*** Opening Data for this exercise ***
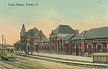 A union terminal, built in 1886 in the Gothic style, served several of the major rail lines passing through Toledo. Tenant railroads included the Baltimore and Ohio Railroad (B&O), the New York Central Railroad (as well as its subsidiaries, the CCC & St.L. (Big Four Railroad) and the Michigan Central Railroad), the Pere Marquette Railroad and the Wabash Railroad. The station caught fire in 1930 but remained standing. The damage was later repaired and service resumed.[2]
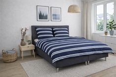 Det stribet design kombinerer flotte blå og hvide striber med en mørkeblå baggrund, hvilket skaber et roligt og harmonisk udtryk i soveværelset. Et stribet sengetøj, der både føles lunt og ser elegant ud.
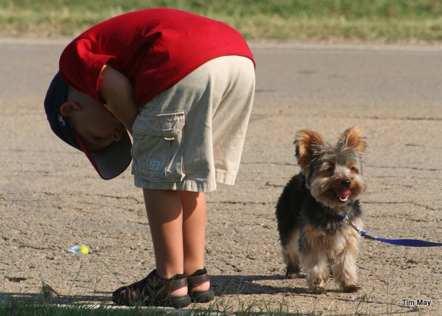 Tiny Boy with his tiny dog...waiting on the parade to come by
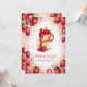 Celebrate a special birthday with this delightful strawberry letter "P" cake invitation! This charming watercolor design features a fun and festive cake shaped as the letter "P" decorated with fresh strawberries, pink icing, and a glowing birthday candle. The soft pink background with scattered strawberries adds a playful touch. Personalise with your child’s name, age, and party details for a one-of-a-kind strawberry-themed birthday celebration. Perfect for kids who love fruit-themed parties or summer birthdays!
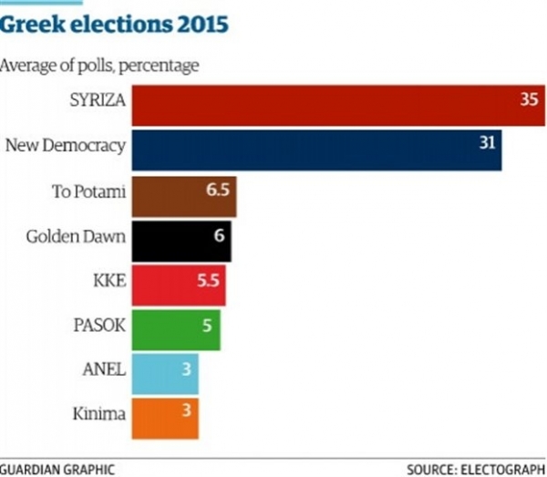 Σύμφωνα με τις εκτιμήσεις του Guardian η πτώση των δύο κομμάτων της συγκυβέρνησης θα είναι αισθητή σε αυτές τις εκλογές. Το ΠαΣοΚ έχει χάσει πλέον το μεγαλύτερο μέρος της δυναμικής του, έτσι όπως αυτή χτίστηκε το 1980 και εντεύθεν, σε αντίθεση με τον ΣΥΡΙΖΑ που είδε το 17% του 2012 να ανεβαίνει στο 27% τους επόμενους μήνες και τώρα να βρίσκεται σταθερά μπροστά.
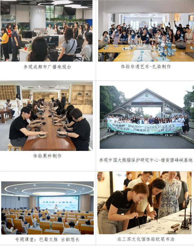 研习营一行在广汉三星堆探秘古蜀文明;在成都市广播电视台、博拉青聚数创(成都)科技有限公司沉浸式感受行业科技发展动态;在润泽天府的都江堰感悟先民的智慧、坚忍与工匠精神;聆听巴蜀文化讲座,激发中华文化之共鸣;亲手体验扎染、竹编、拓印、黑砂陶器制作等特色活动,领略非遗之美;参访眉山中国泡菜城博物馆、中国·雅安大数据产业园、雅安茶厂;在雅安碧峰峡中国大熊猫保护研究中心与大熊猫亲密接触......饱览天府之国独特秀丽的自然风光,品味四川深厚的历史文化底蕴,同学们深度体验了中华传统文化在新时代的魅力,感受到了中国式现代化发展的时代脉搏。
*** Closing Data for this exercise ***
*** Opening Data for this exercise ***
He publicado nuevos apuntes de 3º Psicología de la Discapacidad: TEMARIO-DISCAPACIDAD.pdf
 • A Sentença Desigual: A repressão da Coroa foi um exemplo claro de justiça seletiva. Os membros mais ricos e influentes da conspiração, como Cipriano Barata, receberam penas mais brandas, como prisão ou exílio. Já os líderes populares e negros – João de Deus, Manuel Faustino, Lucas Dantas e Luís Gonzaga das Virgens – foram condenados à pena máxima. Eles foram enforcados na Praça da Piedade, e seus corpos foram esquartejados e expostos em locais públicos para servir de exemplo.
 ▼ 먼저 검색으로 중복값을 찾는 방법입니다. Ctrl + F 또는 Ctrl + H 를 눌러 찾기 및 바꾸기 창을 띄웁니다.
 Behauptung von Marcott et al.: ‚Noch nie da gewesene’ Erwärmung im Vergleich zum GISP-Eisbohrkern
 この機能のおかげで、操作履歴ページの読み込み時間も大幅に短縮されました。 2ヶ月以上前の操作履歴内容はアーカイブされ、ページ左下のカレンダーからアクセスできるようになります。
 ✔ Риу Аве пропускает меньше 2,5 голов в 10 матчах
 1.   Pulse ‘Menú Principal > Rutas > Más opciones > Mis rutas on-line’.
*** Closing Data for this exercise ***
§ Requirement
The response should be the listing above, limited to the lines between the one holding "в 10 матчах" and the one holding "1.   Pulse ‘Menú", inclusive, reproduced exactly.

§ Answer space
 ✔ Риу Аве пропускает меньше 2,5 голов в 10 матчах
 1.   Pulse ‘Menú Principal > Rutas > Más opciones > Mis rutas on-line’.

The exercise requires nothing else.